Om de drukste momenten van de week te vergelijken met het weekend, kunnen we de gegevens per uur samenvoegen en groeperen op weekdag en weekend.

In [33]:
#Hier is de SQL-query om het gemiddelde aantal ritten per uur voor weekdagen en weekenden te berekenen:
busiest_times_query = spark.sql("""
WITH ride_counts AS (
    SELECT 
           CASE 
            WHEN date_format(dd.calendarDate, 'EEEE') IN ('Saturday', 'Sunday') THEN 'Weekend'
            ELSE 'Weekday'
           END as day_type,
           COUNT(fr.rideSK) as ride_count
    FROM factRide fr
    LEFT JOIN dimDate dd ON fr.dateSK = dd.dateSK
    GROUP BY day_type, dd.calendarDate
)
SELECT 
    day_type,
    AVG(ride_count) as avg_ride_count
FROM ride_counts
GROUP BY day_type
ORDER BY avg_ride_count DESC
""")

#Show the result
df_busiest_times = busiest_times_query.show(10)

# De avondspits (20:00u) is de drukste tijd, zowel weekdagen als in het weekend. In het weekend zijn er echter meer ritten.

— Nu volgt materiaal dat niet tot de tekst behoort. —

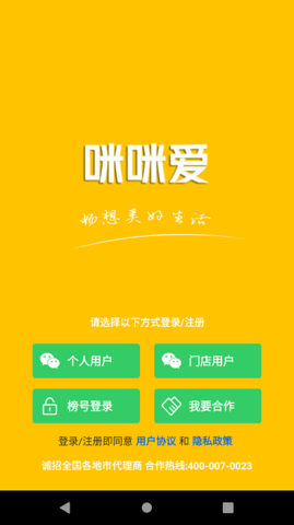 多类别的登录模式,有着个人用户、门店用户等身份登录。

+--------+------------------+
|day_type|    avg_ride_count|
+--------+------------------+
| Weekend|3499.0626506024096|
| Weekday|3137.1277617675314|
+--------+------------------+



## Hebben datumparameters invloed op de afgelegde afstand?

Om te bepalen of datumparameters van invloed zijn op de afgelegde afstand, moeten we de relatie analyseren tussen verschillende datumkenmerken (zoals dag van de week, maand, seizoen) en de afgelegde afstand tijdens ritten.

In [34]:
## SQL query to analyze the impact of date parameters on ride distance (or duration in this case)
distance_analysis_query = spark.sql("""
WITH detailed_rides AS (
    SELECT 
        fr.rideSK,
        fr.ride_duration,
        dd.dateSK,
        date_format(dd.calendarDate, 'EEEE') as day_of_week,
        date_format(dd.calendarDate, 'MMMM') as month,
        CASE
          WHEN month(dd.calendarDate) IN (12, 1, 2) THEN 'Winter'
          WHEN month(dd.calendarDate) IN (3, 4, 5) THEN 'Spring'
          WHEN month(dd.calendarDate) IN (6, 7, 8) THEN 'Summer'
          WHEN month(dd.calendarDate) IN (9, 10, 11) THEN 'Autumn'
        END as season
    FROM factRide fr
    LEFT JOIN dimDate dd ON fr.dateSK = dd.dateSK
)
SELECT 
    day_of_week,
    month,
    season,
    AVG(ride_duration) as avg_ride_duration
FROM detailed_rides
GROUP BY day_of_week, month, season
ORDER BY avg_ride_duration DESC
""")

# Show the result
df_distance_analysis = distance_analysis_query.show(10)

#De gegevens geven aan dat ritten doorgaans langer duren in de herfstmaanden september en oktober en de zomermaand augustus. Dit suggereert dat datumparameters, met name specifieke maanden en seizoenen, wel degelijk invloed hebben op de afgelegde afstand.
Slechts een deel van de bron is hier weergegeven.